----- Task input
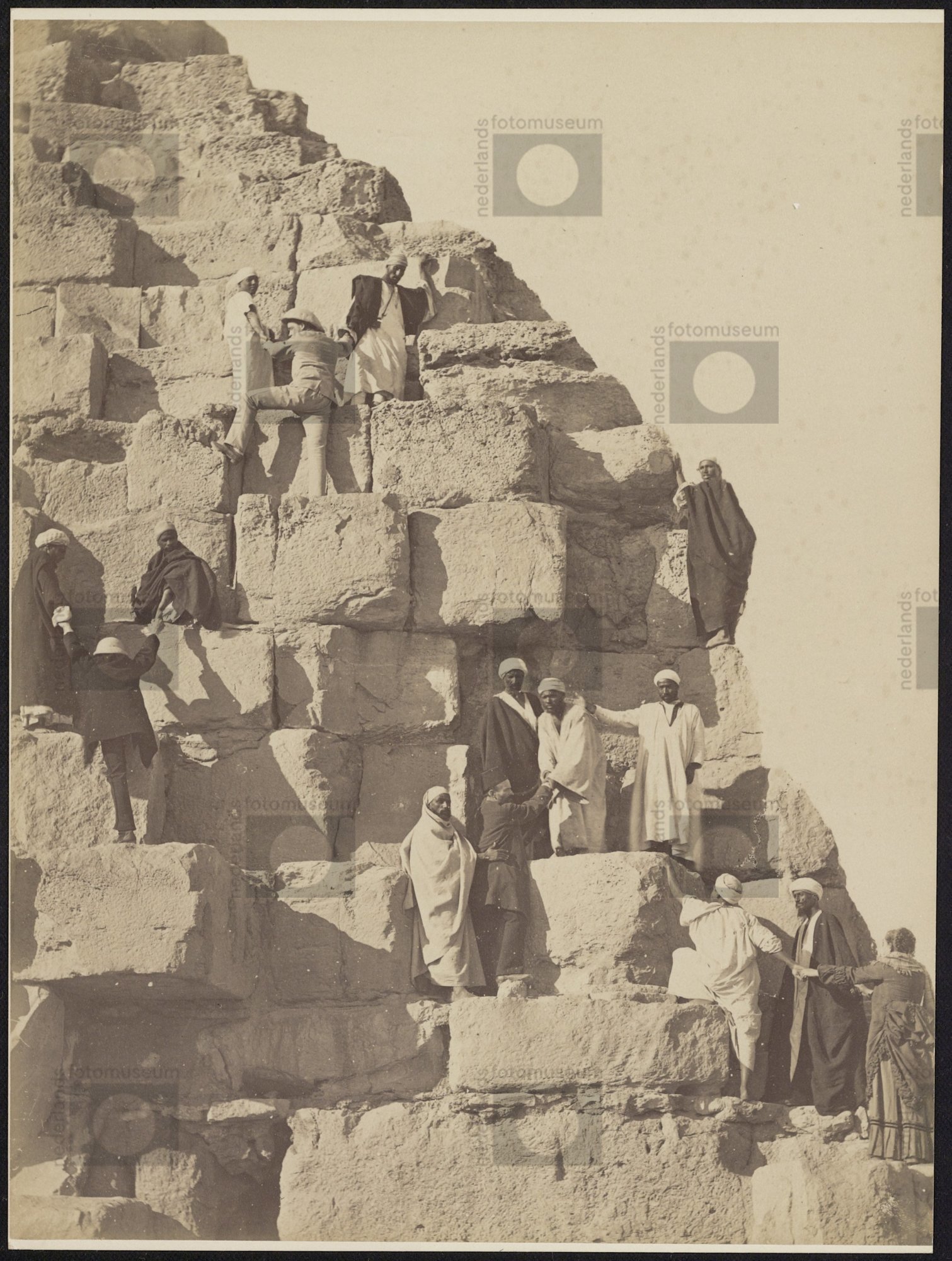 Beklimming van pyramide door toeristen, Gizeh, Egypt...
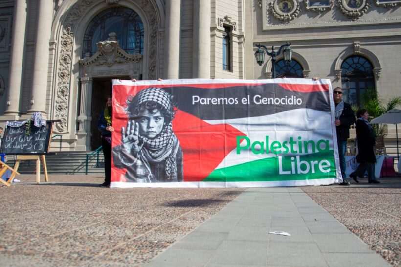 Eduardo Asfura, vocero de la Coordinadora por Palestina (@porpalestinacl) señaló: “Hemos decidido realizar esta acción a partir de una imagen brutal que ha ido rondando hace ya un tiempo. Israel ha asesinado un curso de alrededor de 28 a 30 niños palestinos cada día durante ya casi 2 años. Veíamos la necesidad de exponer esa imagen, que ha sido también recogida por instituciones internacionales como UNICEF, para poder no sólo apelar a la sensibilidad de la ciudadanía, sino poder mostrarles el momento de vértice histórico en el que nos encontramos. El pueblo palestino está siendo exterminado en un proceso largo ya de colonialismo de un ente genocida, racista, supremacista como es el estado moderno de Israel. Y necesitábamos poner esta perspectiva para que la sociedad civil, que ya está reaccionando frente a este horror, pueda comenzar a plegarse cada día más. Tenemos también convocada una marcha multitudinaria que llamará a paralizar las ciudades del mundo por Palestina. El 1º de septiembre, sindicatos, gremios, estudiantes, organizaciones de la sociedad civil: los convocamos a manifestarse y a unirse a esta movilización por Palestina”.
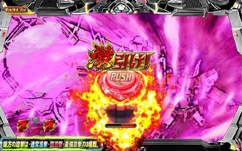 激闘ゾーン中はリーチ成立でバトル演出へ発展(突入1回転目はバトル発展濃厚)。インフィニティギミック発動でバトルに勝利すればBONUS+神激RUSH突入濃厚、敵の攻撃を回避すれば激闘ゾーン継続(ゲーム数上乗せ)、敵の攻撃を被弾してしまうと復活ゾーンへ降格する。
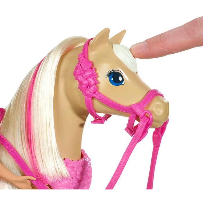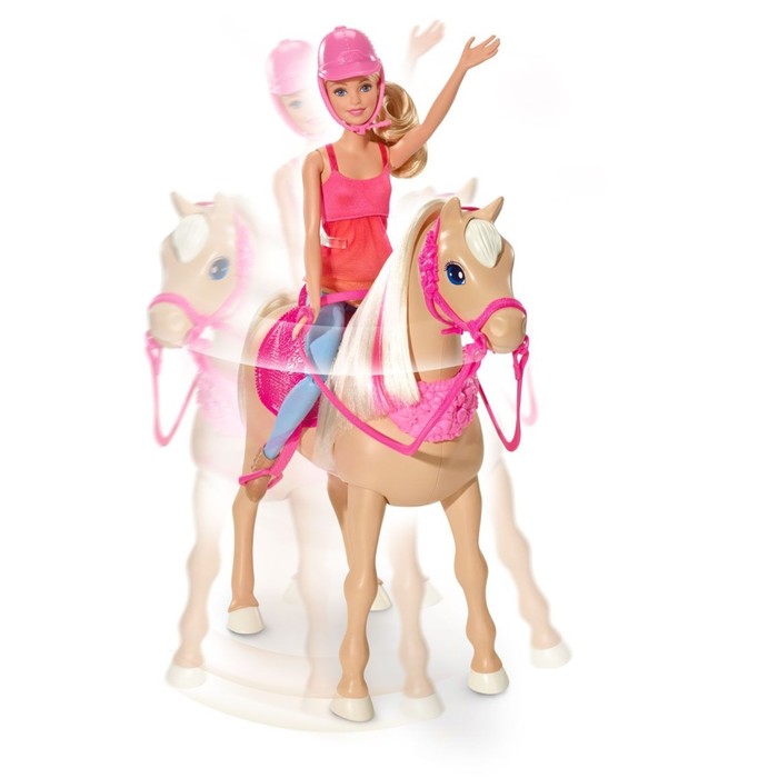 Barbie и её любимая питомица готовы повторить сцену из мультфильма «Барби и её сёстры в погоне за щенками»! Чтобы лошадка начала танцевать, нажмите на кнопку в виде чёлки. Куколка тоже может присоединиться к танцу: сидя верхом или стоя рядом с партнёршей на специальных подставках. Для безопасности наездницы предусмотрены шлем, поводья и стремена.
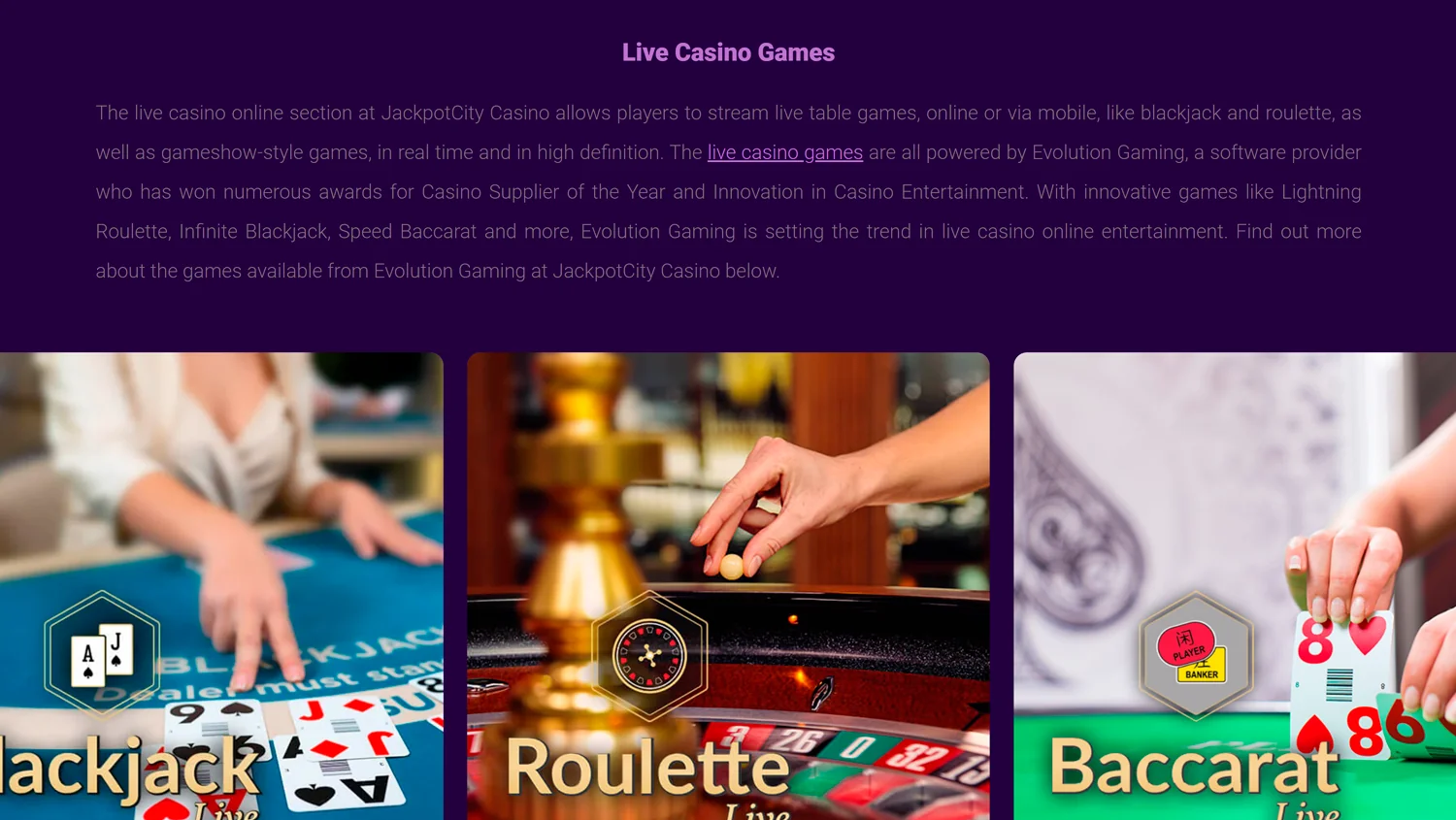 Screenshot gallery of Jackpot City Casino
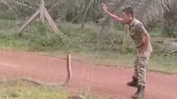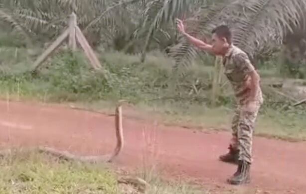 El registro, que fue compartido por un equipo militar con sede en Malasia, muestra al hombre reaccionando bastante tranquilo y seguro ante el reptil, colocando incluso sus manos a los costados en una pose que demuestra una notoria calma.
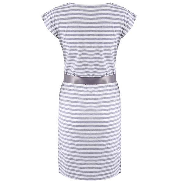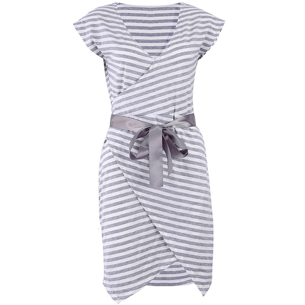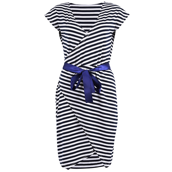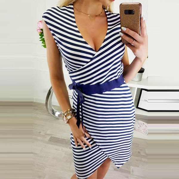 Designed with striped element,finished with sleeveless,v-neck,an irregular hem and a fit silhouette,this dress is a
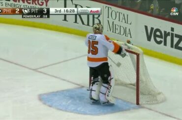Le gardien des Flyers de Philadelphie, Steve Mason, prend une pause pour boire de l’eau au milieu du jeu après…
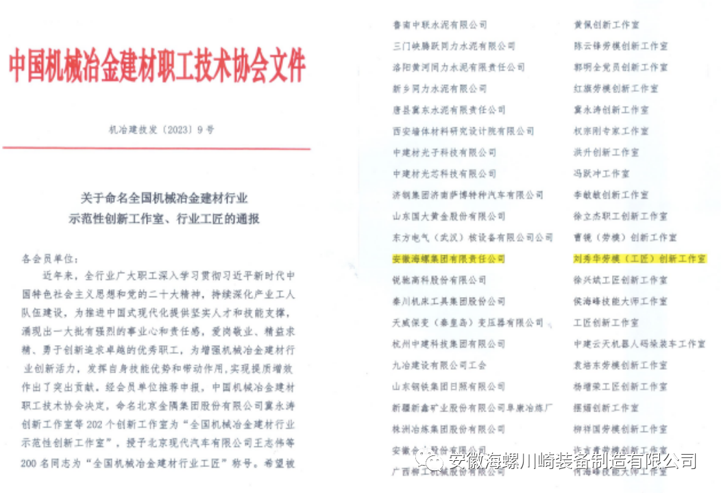 为充分发挥劳模、工匠先进典型的辐射引领作用,广泛组织动员广大产业工人创新创造,推动公司高质量发展,2012年,由“全国五一劳动奖章获得者”刘秀华同志牵头成立了“刘秀华职工(劳模)创新工作室”。2018年4月,刘秀华创新工作室正式获芜湖市总工会授牌。2021年11月24日,创新工作室获安徽省总工会授牌。2021年12月8日,刘秀华劳模创新工作室获海螺水泥股份党委命名首批海螺水泥职工(劳模)创新工作室。2023年4月,刘秀华职工(劳模)创新工作室又获评海螺集团首批示范性职工创新工作室和全国机械冶金建材行业示范性创新工作室。
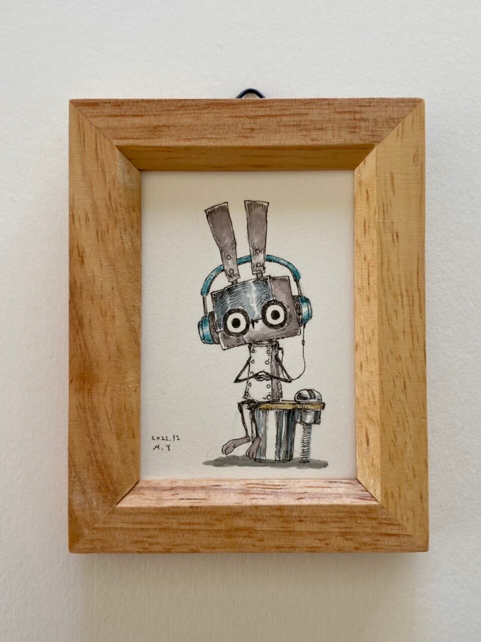 【原画】ミニフレーム うさぎ、音楽鑑賞
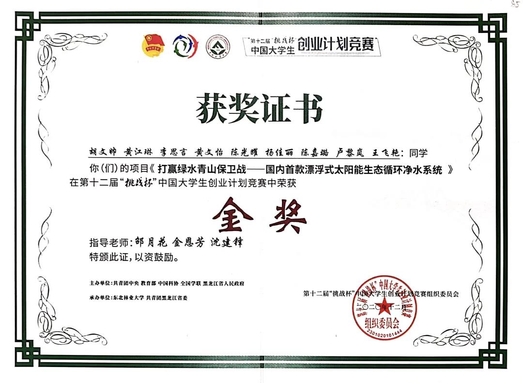 创业计划竞赛全国金奖
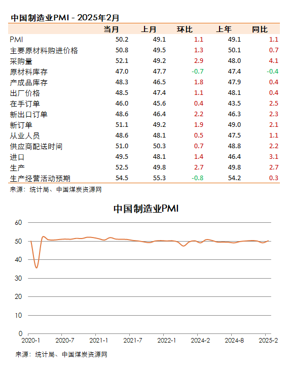 2月份,制造業(yè)PMI升至50.2%,重返擴張區(qū)間。
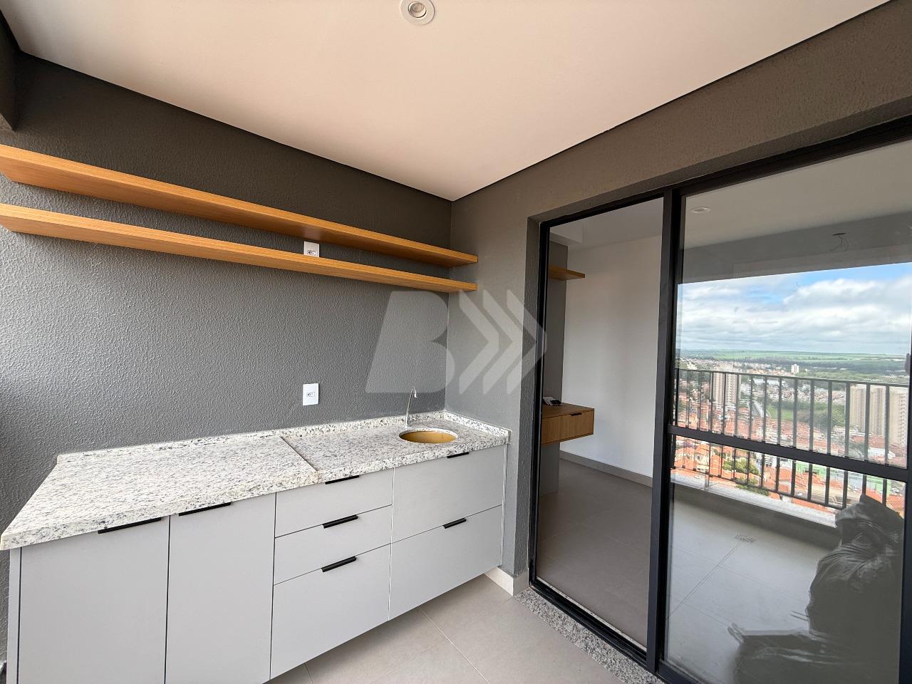 O imóvel conta com sala para 2 ambientes com painel de televisão e sacada com armário.
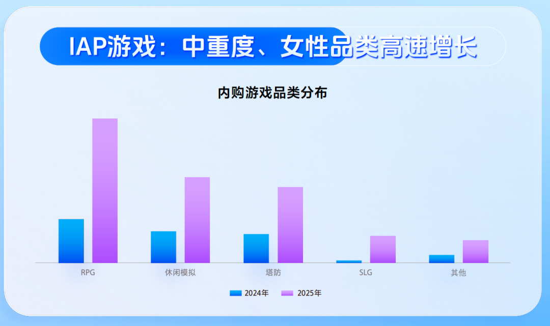 大会现场透露的信息显示,今年抖音IAP小游戏中,RPG、休闲模拟、塔防、SLG四类游戏实现快速增长,成为IAP赛道的核心驱动力,整体呈现出多元化发展格局。
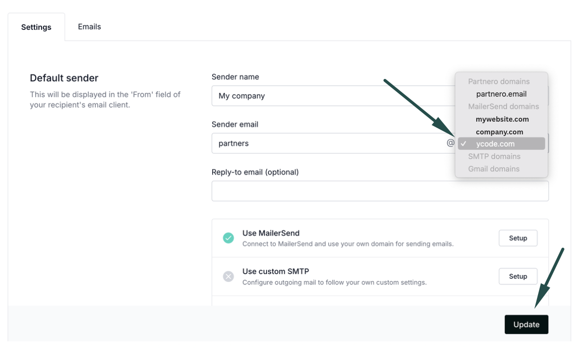 - Under Emails, Settings tab, click Setup next to MailerSend.
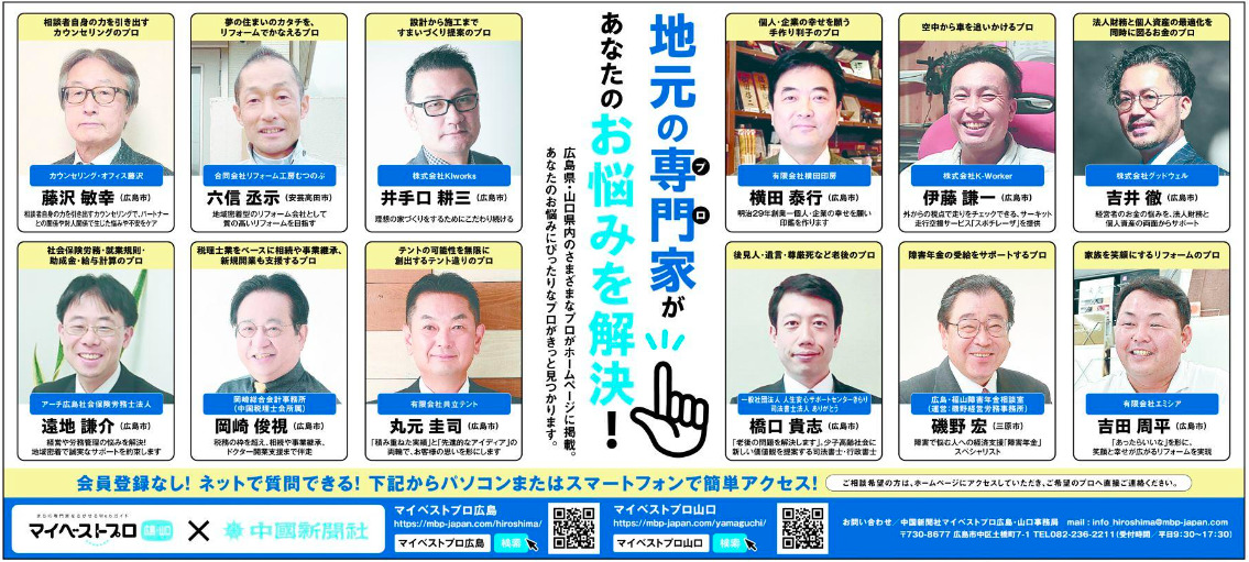 プロ12人を紹介する広告を2026年2月13日(金)付 中国新聞朝刊(32面・社会面)に掲載しています。是非ご覧ください。
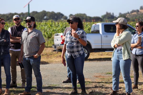 Attendees joined Tod Mostero, Director of Viticulture & Winemaking at Dominus Estate, as he works with Josh Widaman, Estate Winemaker, and Gustavo Aviña, Viticulture Director, of Pine Ridge Vineyards to begin the process of transitioning a now fallow vineyard to dry farming. Dry farming doesn’t mean you just turn off the water – it requires careful forethought before planting a vineyard, and strategic management once planted. To pique your interest here is a feature that shares more about dry farming at Dominus.
----------
*The problem*.
Retype the full listing above precisely. Exclude each picture you find in it.

*Response to the task*.
 Beklimming van pyramide door toeristen, Gizeh, Egypt...
 Eduardo Asfura, vocero de la Coordinadora por Palestina (@porpalestinacl) señaló: “Hemos decidido realizar esta acción a partir de una imagen brutal que ha ido rondando hace ya un tiempo. Israel ha asesinado un curso de alrededor de 28 a 30 niños palestinos cada día durante ya casi 2 años. Veíamos la necesidad de exponer esa imagen, que ha sido también recogida por instituciones internacionales como UNICEF, para poder no sólo apelar a la sensibilidad de la ciudadanía, sino poder mostrarles el momento de vértice histórico en el que nos encontramos. El pueblo palestino está siendo exterminado en un proceso largo ya de colonialismo de un ente genocida, racista, supremacista como es el estado moderno de Israel. Y necesitábamos poner esta perspectiva para que la sociedad civil, que ya está reaccionando frente a este horror, pueda comenzar a plegarse cada día más. Tenemos también convocada una marcha multitudinaria que llamará a paralizar las ciudades del mundo por Palestina. El 1º de septiembre, sindicatos, gremios, estudiantes, organizaciones de la sociedad civil: los convocamos a manifestarse y a unirse a esta movilización por Palestina”.
 激闘ゾーン中はリーチ成立でバトル演出へ発展(突入1回転目はバトル発展濃厚)。インフィニティギミック発動でバトルに勝利すればBONUS+神激RUSH突入濃厚、敵の攻撃を回避すれば激闘ゾーン継続(ゲーム数上乗せ)、敵の攻撃を被弾してしまうと復活ゾーンへ降格する。
 Barbie и её любимая питомица готовы повторить сцену из мультфильма «Барби и её сёстры в погоне за щенками»! Чтобы лошадка начала танцевать, нажмите на кнопку в виде чёлки. Куколка тоже может присоединиться к танцу: сидя верхом или стоя рядом с партнёршей на специальных подставках. Для безопасности наездницы предусмотрены шлем, поводья и стремена.
 Screenshot gallery of Jackpot City Casino
 El registro, que fue compartido por un equipo militar con sede en Malasia, muestra al hombre reaccionando bastante tranquilo y seguro ante el reptil, colocando incluso sus manos a los costados en una pose que demuestra una notoria calma.
 Designed with striped element,finished with sleeveless,v-neck,an irregular hem and a fit silhouette,this dress is a
Le gardien des Flyers de Philadelphie, Steve Mason, prend une pause pour boire de l’eau au milieu du jeu après…
 为充分发挥劳模、工匠先进典型的辐射引领作用,广泛组织动员广大产业工人创新创造,推动公司高质量发展,2012年,由“全国五一劳动奖章获得者”刘秀华同志牵头成立了“刘秀华职工(劳模)创新工作室”。2018年4月,刘秀华创新工作室正式获芜湖市总工会授牌。2021年11月24日,创新工作室获安徽省总工会授牌。2021年12月8日,刘秀华劳模创新工作室获海螺水泥股份党委命名首批海螺水泥职工(劳模)创新工作室。2023年4月,刘秀华职工(劳模)创新工作室又获评海螺集团首批示范性职工创新工作室和全国机械冶金建材行业示范性创新工作室。
 【原画】ミニフレーム うさぎ、音楽鑑賞
 创业计划竞赛全国金奖
 2月份,制造業(yè)PMI升至50.2%,重返擴張區(qū)間。
 O imóvel conta com sala para 2 ambientes com painel de televisão e sacada com armário.
 大会现场透露的信息显示,今年抖音IAP小游戏中,RPG、休闲模拟、塔防、SLG四类游戏实现快速增长,成为IAP赛道的核心驱动力,整体呈现出多元化发展格局。
 - Under Emails, Settings tab, click Setup next to MailerSend.
 プロ12人を紹介する広告を2026年2月13日(金)付 中国新聞朝刊(32面・社会面)に掲載しています。是非ご覧ください。
 Attendees joined Tod Mostero, Director of Viticulture & Winemaking at Dominus Estate, as he works with Josh Widaman, Estate Winemaker, and Gustavo Aviña, Viticulture Director, of Pine Ridge Vineyards to begin the process of transitioning a now fallow vineyard to dry farming. Dry farming doesn’t mean you just turn off the water – it requires careful forethought before planting a vineyard, and strategic management once planted. To pique your interest here is a feature that shares more about dry farming at Dominus.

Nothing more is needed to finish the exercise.